Piironen and Vehtari (2017a) and Pavone et al. (2022) demonstrate also the superior stability of projection predictive variable selection (see specially figures 4 and 10). In this notebook I demonstrate the projection predictive variable selection method as presented by Piironen, Paasiniemi, and Vehtari (2020) and McLatchie et al. (2025), and implemented in R package projpred. I use the same body fat data as used in Section 3.3 of the article by Heinze, Wallisch, and Dunkler (2018). The dataset with the background information is available here but Heinze, Wallisch, and Dunkler (2018) have made some data cleaning and I have used the same data and some bits of the code they provide in the supplementary material. There still are some strange values like the one person with zero fat percentage, but I didn’t do additional cleaning.

This notebook was initially created in 2018, but was later extended to an article “Using reference models in variable selection” by Pavone et al. (2022).

The excellent performance of the projection predictive variable selection comes from following parts

Bayesian inference using priors and integration over all the uncertainties makes it easy to get good predictive performance with all variables included in the model (Piironen and Vehtari 2017b, 2018; Piironen, Paasiniemi, and Vehtari 2020)
Projection of the information from the full model to a smaller model is able to include information and uncertainty from the left out variables (while conditioning of the smaller model to data would ignore left out variables) (Piironen, Paasiniemi, and Vehtari 2020; Pavone et al. 2022).
During the search through the model space comparing the predictive distributions of projected smaller models to the predictive distribution of the full model reduces greatly the variance in model comparisons (Piironen and Vehtari 2017a).
Even with greatly reduced variance in model comparison, the selection process slightly overfits to the data, but we can cross-validate this effect using the fast Pareto smoothed importance sampling leave-one-out cross-validation (Vehtari, Gelman, and Gabry 2017; Vehtari et al. 2024)

Excellent performance of projection predictive variable selection compared to other Bayesian variable selection methods was presented by Piironen and Vehtari (2017a). Piironen, Paasiniemi, and Vehtari (2020) present further improvements such as improved model size selection and several options to make the approach faster for larger number of variables or bigger data sets. Vehtari and Ojanen (2012) present theoretical justification for projection predictive model selection and inference after selection.

Note that if the goal is only the prediction no variable selection is needed. The projection predictive variable selection can be used to learn which are the most useful variables for making predictions and potentially reduce the future measurement costs. In the bodyfat example, most of the measurements have time cost and there is a benefit of finding the smallest set of variables to be used in the future for the predictions.
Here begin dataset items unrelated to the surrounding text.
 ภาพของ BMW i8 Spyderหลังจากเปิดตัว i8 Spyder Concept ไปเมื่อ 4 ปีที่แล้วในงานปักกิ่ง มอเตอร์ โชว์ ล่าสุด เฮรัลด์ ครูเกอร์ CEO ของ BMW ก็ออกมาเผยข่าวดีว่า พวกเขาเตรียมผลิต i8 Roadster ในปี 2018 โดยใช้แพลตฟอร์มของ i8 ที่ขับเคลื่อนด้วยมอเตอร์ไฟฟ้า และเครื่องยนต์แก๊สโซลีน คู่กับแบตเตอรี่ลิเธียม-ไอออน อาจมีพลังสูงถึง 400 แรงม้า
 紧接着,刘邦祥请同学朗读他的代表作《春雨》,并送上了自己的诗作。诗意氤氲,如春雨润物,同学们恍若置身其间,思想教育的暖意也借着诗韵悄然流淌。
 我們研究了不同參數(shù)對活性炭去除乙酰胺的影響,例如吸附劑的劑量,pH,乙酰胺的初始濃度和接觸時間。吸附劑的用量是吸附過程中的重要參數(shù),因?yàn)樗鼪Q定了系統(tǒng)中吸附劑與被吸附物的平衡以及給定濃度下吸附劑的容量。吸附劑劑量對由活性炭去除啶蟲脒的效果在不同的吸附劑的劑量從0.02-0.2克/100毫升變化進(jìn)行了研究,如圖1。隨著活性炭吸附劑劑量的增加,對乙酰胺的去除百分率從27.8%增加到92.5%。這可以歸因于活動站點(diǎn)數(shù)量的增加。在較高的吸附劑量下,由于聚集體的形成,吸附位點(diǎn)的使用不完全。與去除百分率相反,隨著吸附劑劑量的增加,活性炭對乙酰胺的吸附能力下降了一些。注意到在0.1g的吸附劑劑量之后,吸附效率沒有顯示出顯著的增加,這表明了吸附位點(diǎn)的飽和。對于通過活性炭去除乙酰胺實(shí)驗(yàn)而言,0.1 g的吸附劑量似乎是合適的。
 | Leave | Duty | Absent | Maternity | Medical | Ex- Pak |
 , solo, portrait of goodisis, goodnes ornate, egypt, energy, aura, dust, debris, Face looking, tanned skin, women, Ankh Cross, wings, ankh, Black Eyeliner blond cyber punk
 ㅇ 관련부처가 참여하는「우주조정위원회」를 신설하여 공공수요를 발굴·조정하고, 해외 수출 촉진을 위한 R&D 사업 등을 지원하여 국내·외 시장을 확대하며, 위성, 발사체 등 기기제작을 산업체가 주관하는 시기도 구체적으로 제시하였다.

This notebook presents a linear regression example, but the projection predictive approach can be used also, for example, with generalized linear models (Piironen and Vehtari 2017a; Piironen, Paasiniemi, and Vehtari 2020), Gaussian processes (Piironen and Vehtari 2016), and generalized linear and additive multilevel models (Catalina, Bürkner, and Vehtari 2022).

Load packages

library("rprojroot")
root <- has_file(".casestudies-root")$make_fix_file()
library(dplyr)
library(brms)
options(brms.backend = "cmdstanr")
options(mc.cores = 4)
library(loo)
library(projpred)
library(ggplot2)
library(bayesplot)
theme_set(bayesplot::theme_default(base_family = "sans", base_size = 14))
library(ggdist)
library(posterior)
library(corrplot)
library(knitr)
SEED <- 1513306866

2 Bodyfat data

Load data from bodyfat.txt and scale it. Heinze, Wallisch, and Dunkler (2018) used unscaled data, but we scale it for easier comparison of the effect sizes. In theory this scaling should not have detectable difference in the predictions and I did run the results also without scaling and there is no detectable difference in practice.
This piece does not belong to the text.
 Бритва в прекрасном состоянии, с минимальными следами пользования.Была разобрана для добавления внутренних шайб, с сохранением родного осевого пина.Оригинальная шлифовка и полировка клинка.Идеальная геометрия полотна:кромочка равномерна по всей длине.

bodyfat <- read.table(root("bodyfat", "bodyfat.txt"), header = TRUE, sep = ";") |>
  as_tibble() |>
  select(!c(case,brozek,density,weight_kg,height_cm)) |>
  filter(siri > 0) |>
  mutate(across(-siri, ~ as.numeric(scale(.x))))

Predictor names

prednames <- bodyfat |>
  select(!siri) |>
  colnames()

Plot correlation structure

corrplot(cor(bodyfat))

3 Regression model with R2D2 prior

We fit a model with all predictors. With the default flat or independent normal priors, the prior would have a lot of posterior mass for R^2 near 1. We use weakly informative R2D2 prior Zhang et al. (2022) to include prior assumption that the proportion of explained variance R^2 is unlikely to be very close to 1. (Previously this case study used regularized horseshoe prior Piironen and Vehtari (2017b), but for moderate number of predictors we now favor R2D2 prior).

fitr <- brm(siri ~ .,
            data = bodyfat,
            prior = prior(R2D2(mean_R2 = 1/3, prec_R2 = 3)),
            seed = SEED,
            refresh = 0,
            control = list(adapt_delta = 0.9))

summary(fitr)

Make graphical posterior predictive check to check that the model predictions make sense.

pp_check(fitr)

Kernel density estimate for the data and posterior predictive replicates are similar. Although data do not have any negative y values, the kernel density estimate is smoothing over to the negative side. The predictive distribution of the model is not constrained to be positive. We modify the model to include truncation above 0 (log-normal model is commonly used for positive targets, but in this case the distribution really is closer to normal than log-normal distribution).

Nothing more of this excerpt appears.